Sepio | Blog

The Importance of Diversity and Quality of Data

importance of data quality

With vast amounts of data now available, companies in nearly every industry, such as cybersecurity, are focused on exploiting data for competitive advantage against other companies. We live in the era of Big Data, and the volume and variety of data have far outstripped the capacity of manual analysis, and in some cases have exceeded the capacity of conventional databases, requiring each time more processing power. At the same time, computers have become far more powerful. Networking is ubiquitous, and algorithms have been developed that can connect datasets to enable broader and deeper analyses, leading companies to turn their heads to Data Science and its illimited potentialities.

Machine Learning and Artificial Intelligence

Machine Learning and Artificial Intelligence are becoming terms used on a daily basis in our working days.
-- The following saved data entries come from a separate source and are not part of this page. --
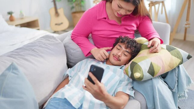 Cinematic shot of carefree happy smiling romantic homosexual male gay and transgender woman couple in love is enjoying time together is hugging and kissing as sign of timeless forever love at home.
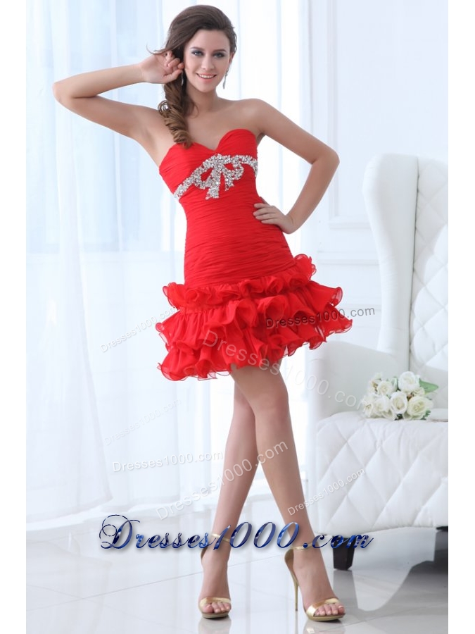 Short Sweetheart Prom Mini Dress with Ruching Bodice and Ruffles
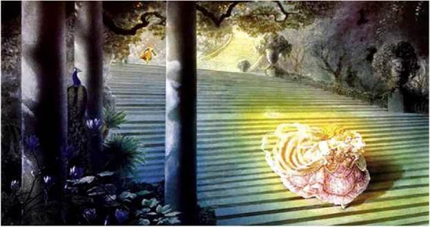 А коли опритомніла, то побачила, що лежить на чудовій луці. Ясно світило сонце, і тисячі розмаїтих квітів квітували навколо неї.
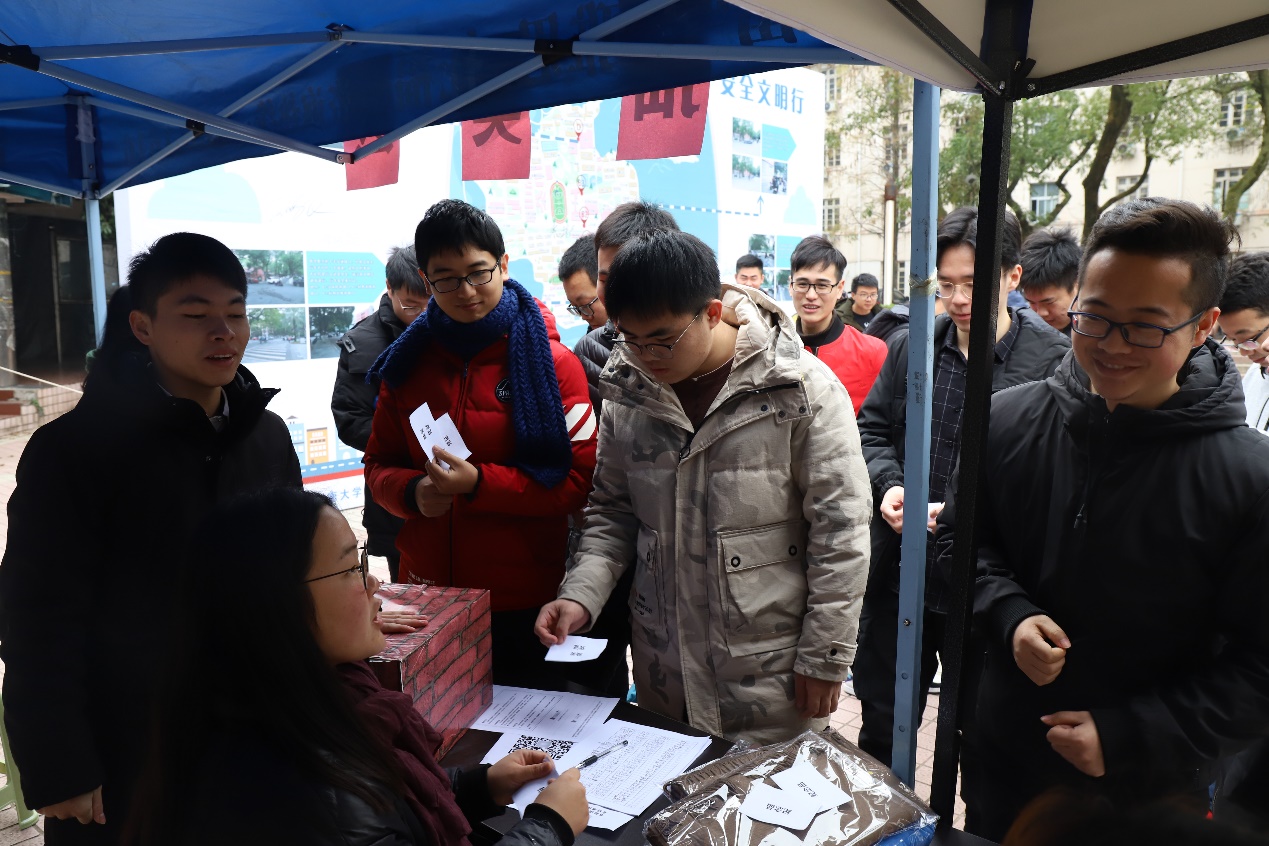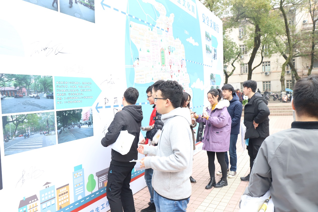 为丰富安全文化周活动内容,承办方结合线上交通主题教育内容,制作了交通安全主题展板,分别在南校区二食堂和校本部三五食堂两个校区人流量较多的地方展览。线下展示活动还设置了安全文化小游戏、知识问答、签名互动等趣味十足的环节,吸引了众多师生前来参与,进一步提升了活动影响力,普及了校园安全文化知识,服务了全校师生,共享校园平安。

A 2020 Deloitte survey found that 67% of companies are using machine learning, and 97% are using or planning to use it in the next year.

importance of data quality

In 1959, Arthur Samuel defined Machine Learning as the subfield of Artificial Intelligence that “gives computers the ability to learn without being explicitly programmed” and over the last quarter of a century, Machine Learning has become one of the most important parts of the IT revolution impacting our lives.

Although ML dates from the early days of Artificial Intelligence in the late 1950s, it underwent a first resurgence when the concept of data mining began to takeoff approximately 20 years ago. Data mining algorithms look for patterns in information. Machine Learning does the same thing but goes one step further: the program changes its behavior based on what it learns.

Only as good as the data they learn from

Machine Learning starts with data — numbers, photos, text… Various types of data imaginable are collected from various sources and prepared to be used as training data – the information the machine learning model will be trained on. The more diverse the training data is, the better the Machine Learning Algorithm will perform.

But although Machine Learning algorithms can really help leverage a company utilizing its data assets for better results and better products, they will always be as good as the data they learn from. If the data they learn from is not diverse enough, is not cleaned or processed, the Machine Learning algorithms can result in overfitting (when a model learns the detail and noise in the training data to the extent that it negatively impacts the performance of the model on new data); in simpler terms, when the data is not diverse and its quality it’s not as high as it could be, Machine Learning models will produce extremely good results in the data they use for training  but they will perform poorly on new and unseen data.

Data quality and diversity have become an extremely important pillar in any Data Science activity, especially in cybersecurity where there is no room for small mistakes. When collecting data, here at Sepio, we make sure that the data is cleaned and as diverse as possible to guarantee the maximum performance and success of our Machine Learning models and algorithms.

April 19th, 2022